◆ Material provided:
........

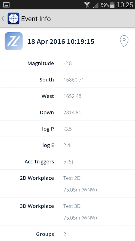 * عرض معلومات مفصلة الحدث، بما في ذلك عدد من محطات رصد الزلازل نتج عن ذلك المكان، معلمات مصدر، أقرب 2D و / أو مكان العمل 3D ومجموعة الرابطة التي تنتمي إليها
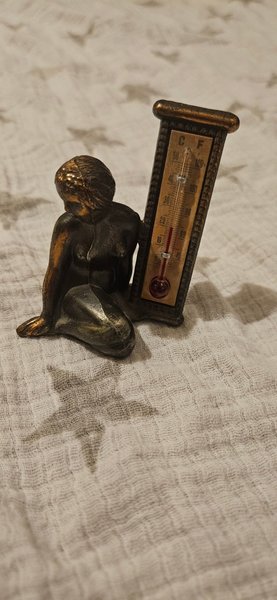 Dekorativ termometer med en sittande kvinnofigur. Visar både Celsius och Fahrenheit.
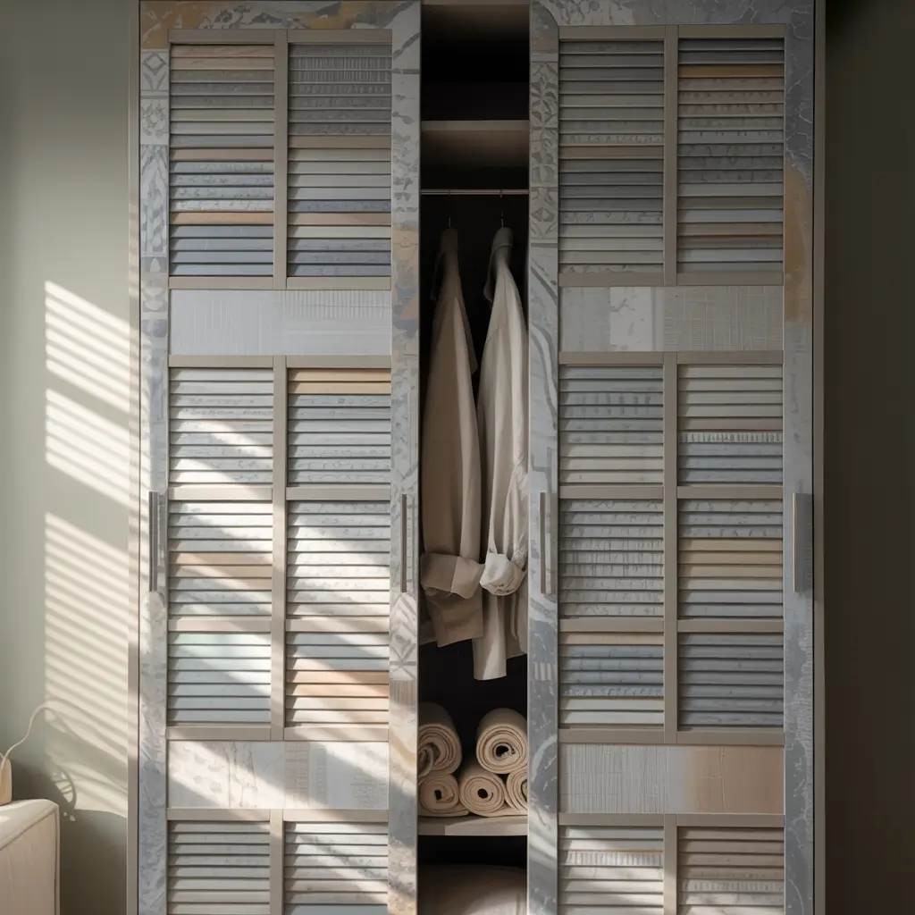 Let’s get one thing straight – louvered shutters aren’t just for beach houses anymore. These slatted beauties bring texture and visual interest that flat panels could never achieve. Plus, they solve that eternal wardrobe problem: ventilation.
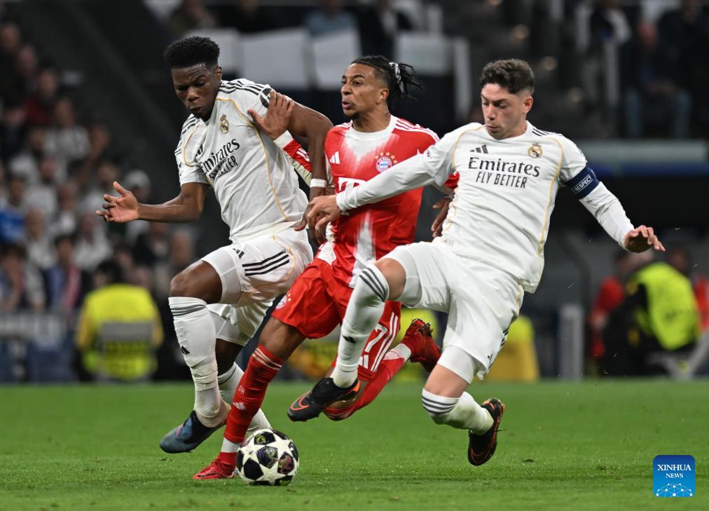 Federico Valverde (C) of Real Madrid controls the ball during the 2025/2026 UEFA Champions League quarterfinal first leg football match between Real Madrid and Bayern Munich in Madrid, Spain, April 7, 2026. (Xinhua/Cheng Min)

........

◆ Task prompt: In the reply, each line of the data must appear exactly as written, and no picture may appear.

◆ Final answer:
 * عرض معلومات مفصلة الحدث، بما في ذلك عدد من محطات رصد الزلازل نتج عن ذلك المكان، معلمات مصدر، أقرب 2D و / أو مكان العمل 3D ومجموعة الرابطة التي تنتمي إليها
 Dekorativ termometer med en sittande kvinnofigur. Visar både Celsius och Fahrenheit.
 Let’s get one thing straight – louvered shutters aren’t just for beach houses anymore. These slatted beauties bring texture and visual interest that flat panels could never achieve. Plus, they solve that eternal wardrobe problem: ventilation.
 Federico Valverde (C) of Real Madrid controls the ball during the 2025/2026 UEFA Champions League quarterfinal first leg football match between Real Madrid and Bayern Munich in Madrid, Spain, April 7, 2026. (Xinhua/Cheng Min)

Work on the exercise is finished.